HMRC’s rules governing refunds of excess contributions and benefit accrual have been limited in scope since A-Day. The circumstances in which excess contributions can be refunded are restricted to payments made in the initial cancellation period of a personal pension (short service options are available in the occupational pension world), when personal contributions exceed UK relevant earnings, or when contributions have been made in ‘genuine error’.
None of these circumstances cover contributions which have exceeded the annual allowance. You might expect the genuine error rules to cover situations where an individual has paid a contribution of more than their available annual allowance by mistake, but that’s not what they’re designed to cover. Genuine error rules are meant to cover situations where things happen which are beyond a saver’s control, so for example when they give an instruction to their bank to stop or reduce contributions and that instruction isn’t acted upon.
My question is – should the pension rules be updated to allow refunds to be made when savers exceed the annual allowance?
If you look at the equivalent position in the ISA world, subscriptions paid which exceed one of the annual limits generally MUST be refunded. There isn’t any choice in the matter.
If you consider the time at which the rules regarding contribution refunds were written, you’re talking about a time when the annual limit was £215,000 (and due to rise) and only a few hundred people were exceeding the allowance each year. More than a decade later we’re talking about tens of thousands of people being affected by the annual allowance, and the annual contribution limit for some will have fallen from a peak of £255,000 to £4,000.

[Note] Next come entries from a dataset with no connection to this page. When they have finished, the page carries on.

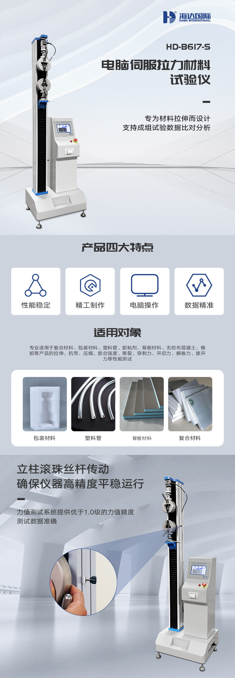電線電纜拉力機適用于復合材料、包裝材料、塑料管、膠粘劑、背板材料、無紡布、混凝土、橡膠等非金屬材料和醫療器械、線纜、鋼材等金屬產品的拉伸、抗彎、壓縮、膠合強度、撕裂、穿刺力、開啟力、解卷力、拔開力等性能測試。
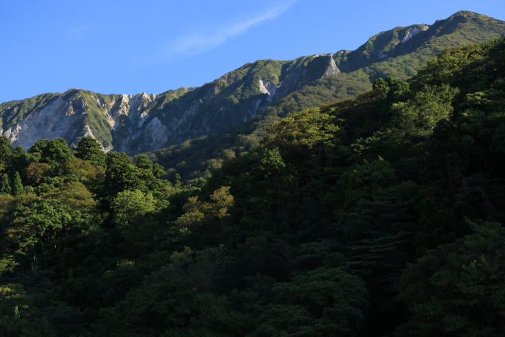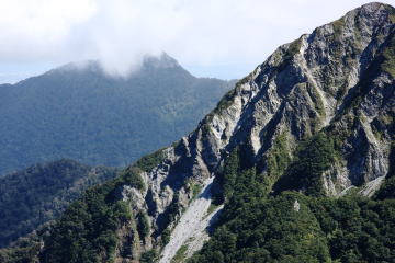 大山北壁を見上げると青空が広がりはじめていた。 |
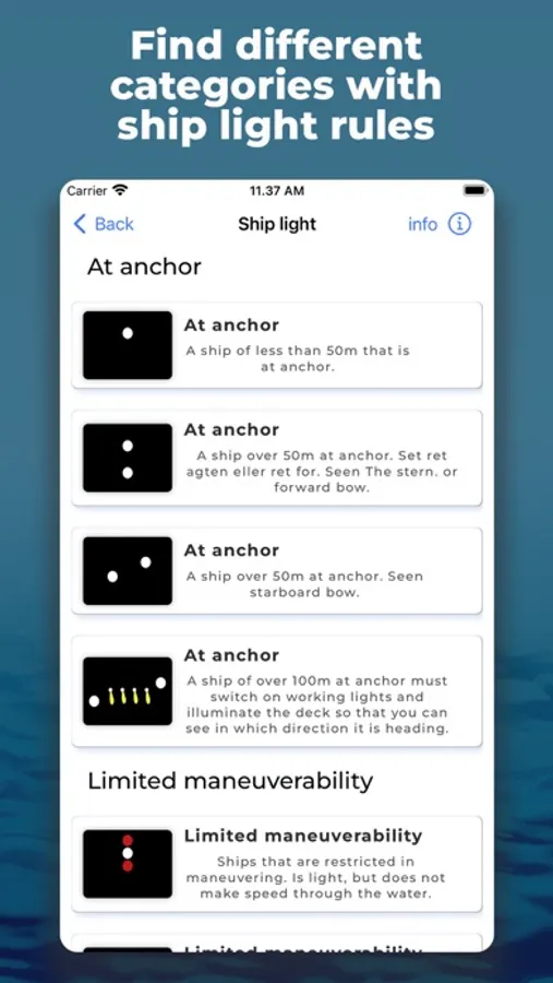 find illustrations with descriptions and categories of the various ship lights you can find in the app.
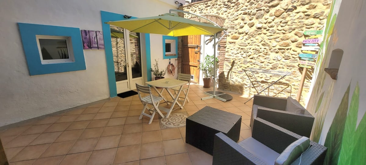 Más mian le beirt nó ceathrar teaghlach éalú, féach cur síos ar an lóistín atá suite go hidéalach idir an fharraige agus an sliabh ag doras na Spáinne i gcroílár Thír na Catalóine, tá an t-árasán gleoite agus compordach seo, rangaithe mar Meublé Tourisme 4 réalta, suite ar urlár na talún inár dteach cónaithe i Banyuls-Dels-Aspres i ngiúmar te.
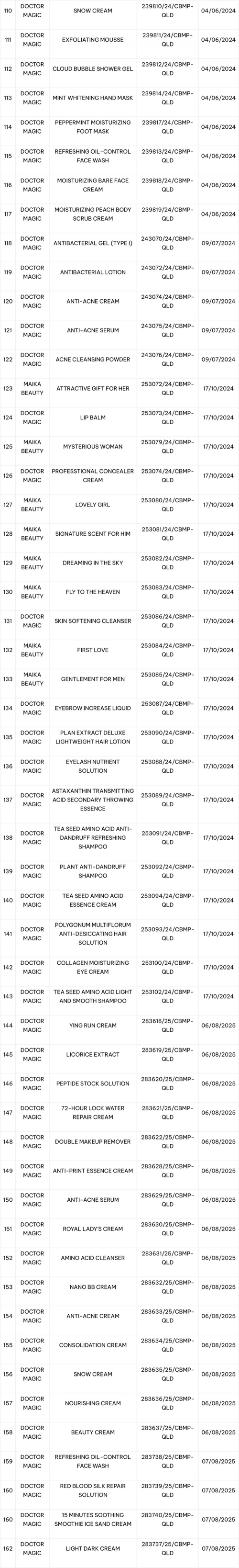 Theo danh sách này, Cục Quản lý Dược cho biết qua thống kê, từ năm 2018 đến nay, đơn vị đã cấp 162 phiếu công bố sản phẩm mỹ phẩm cho MK Skincare, trong đó phần lớn là sản phẩm dòng Doctor Magic được quảng bá là sản phẩm có xuất xứ từ Hồng Kông (Trung Quốc). Hiện 81 phiếu công bố sản phẩm mỹ phẩm còn hiệu lực.
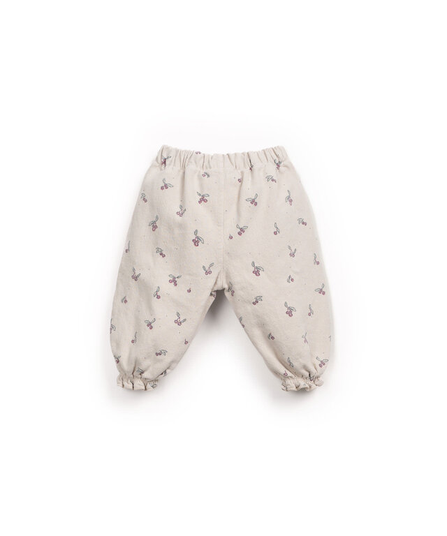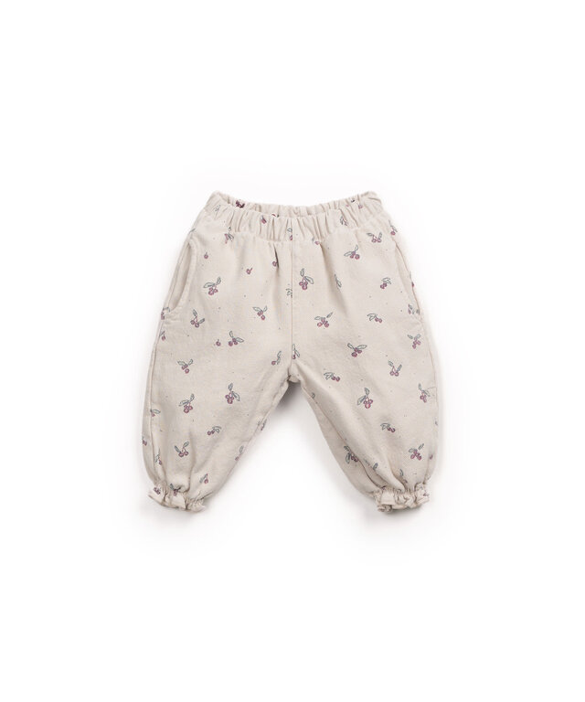 These trousers are made of cotton twill in the color Raw. It is a model with an elastic waistband, pockets, and our strawberry tree print.
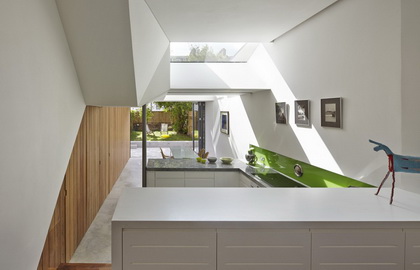 晚上的时候一袭软帘将厨房和客厅完全区分开,两边都成为独立的空间。
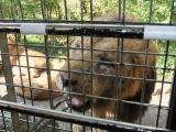 バスに乗ってるのですが、外側がこの網目になっておりまして、途中、ライオンや熊、ラクダなどに餌をあげることができます♪
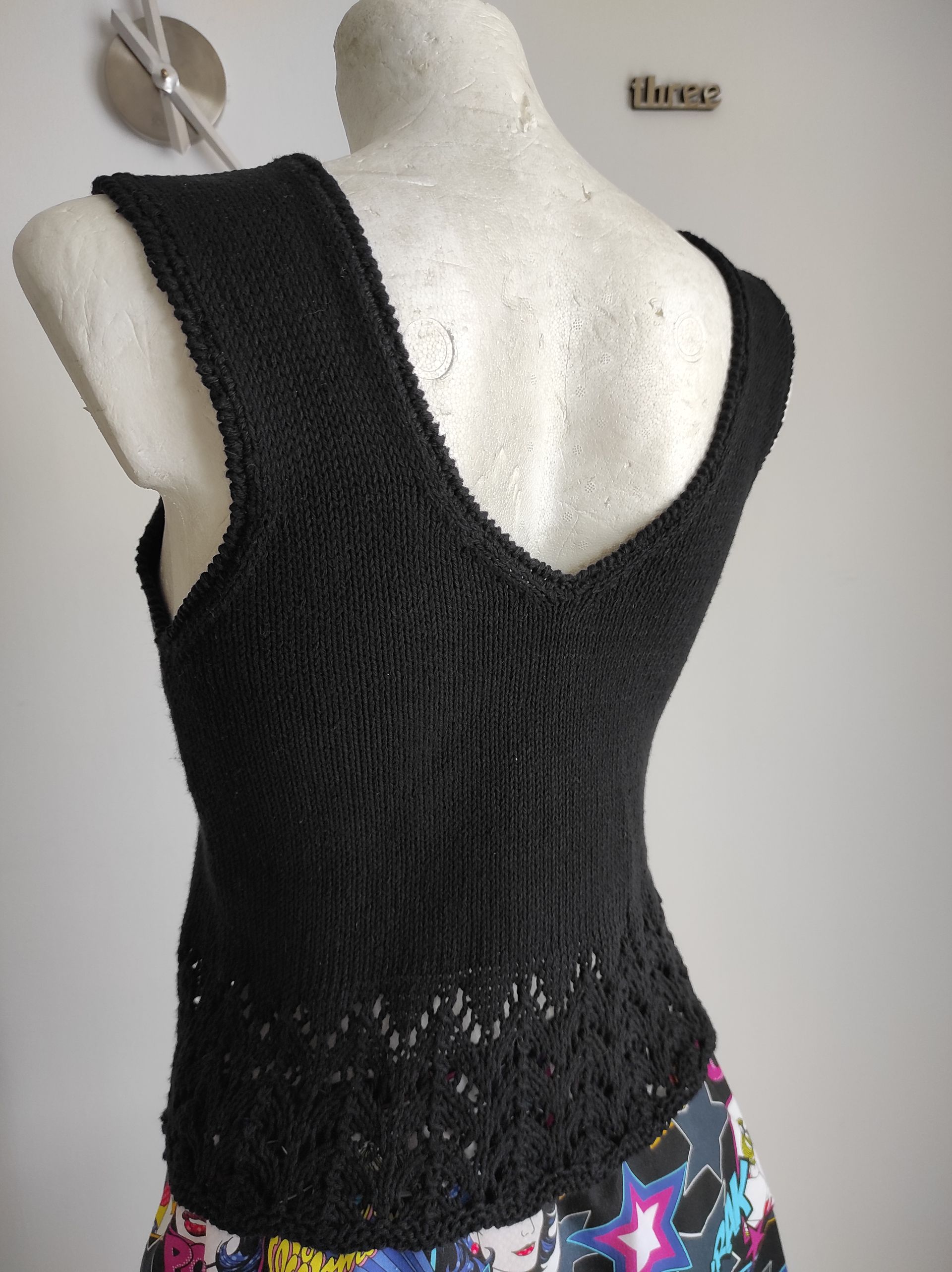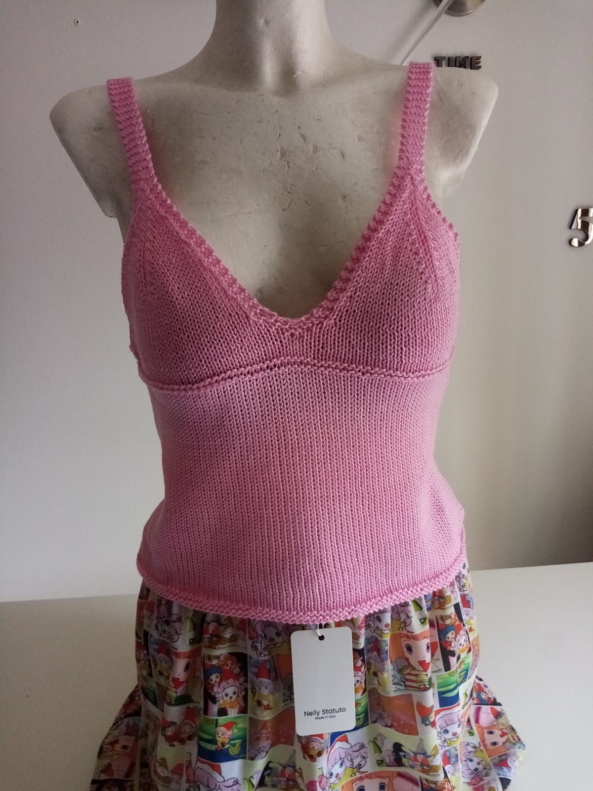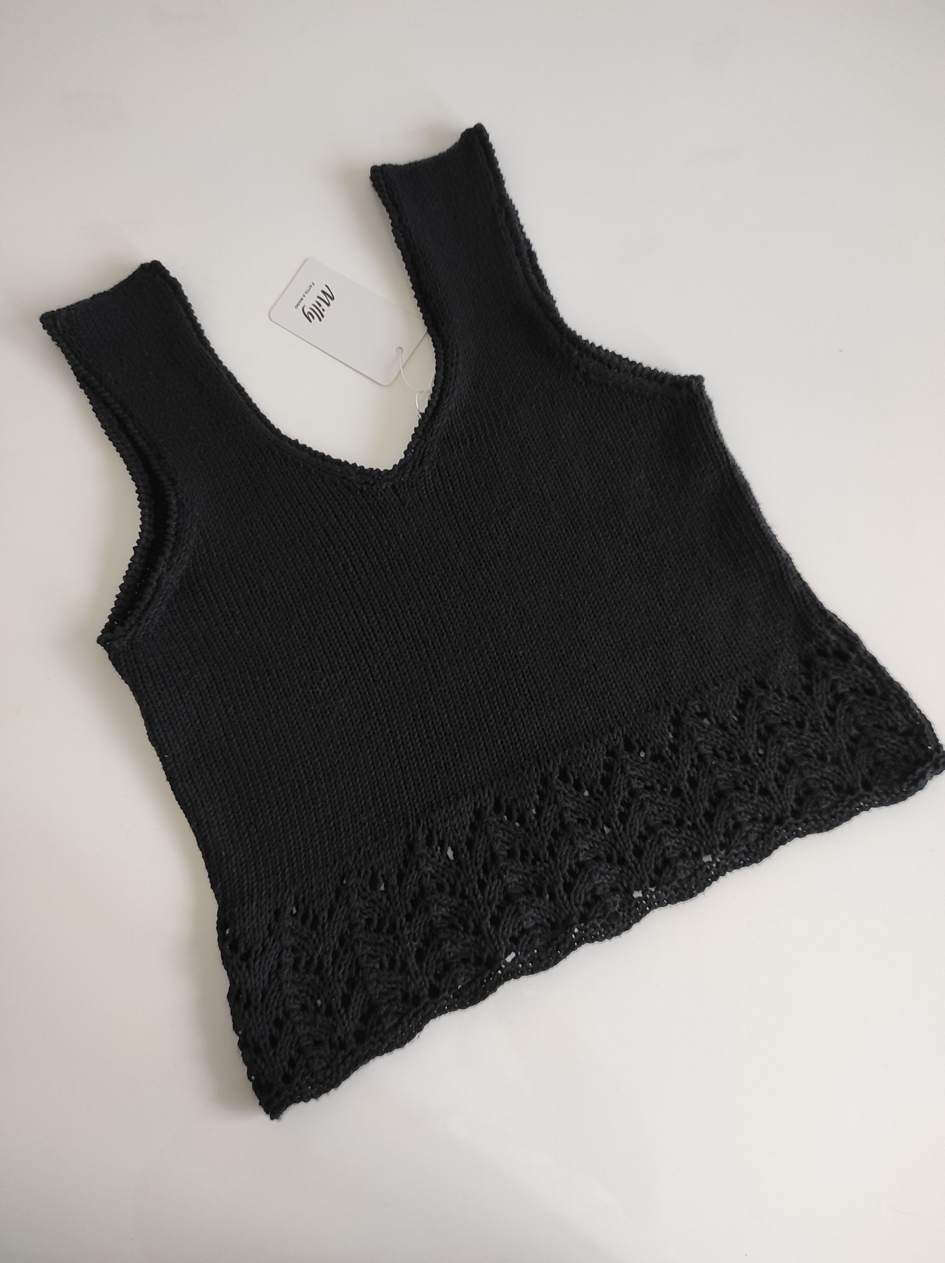 ButtonCanotta corta a spallina larga in filato di cotone e seta, realizzata a macchina con bordo ripreso ai ferri e lavorato a punto traforo, rifiniture all'uncinetto

The massive issues we’re seeing with annual allowance charges in the defined benefit world are in the process of being tackled by the introduction of additional flexibility over the accrual of benefits.
Equivalent measures may help in the DC world, but they won’t solve the problem of savers exceeding allowances because of lack of awareness, or just because the rules are too complex for many to understand these days.
The option of scheme pays – the payment of the annual allowance charge from the pension scheme – will be available in some cases. But it is only compulsory for schemes to offer this where the full, £40,000 annual allowance is exceeded – not much help for those affected by the MPAA. Many will also feel that scheme pays isn’t particularly equitable given that it leaves non-tax-relieved funds in a pension, which are then likely to be subject to income tax when ultimately withdrawn.
Taking that into account, perhaps it’s time for HMRC to revisit its rules on contribution refunds and introduce a little more flexibility, freedom and choice around how savers can get themselves out of an annual allowance pickle.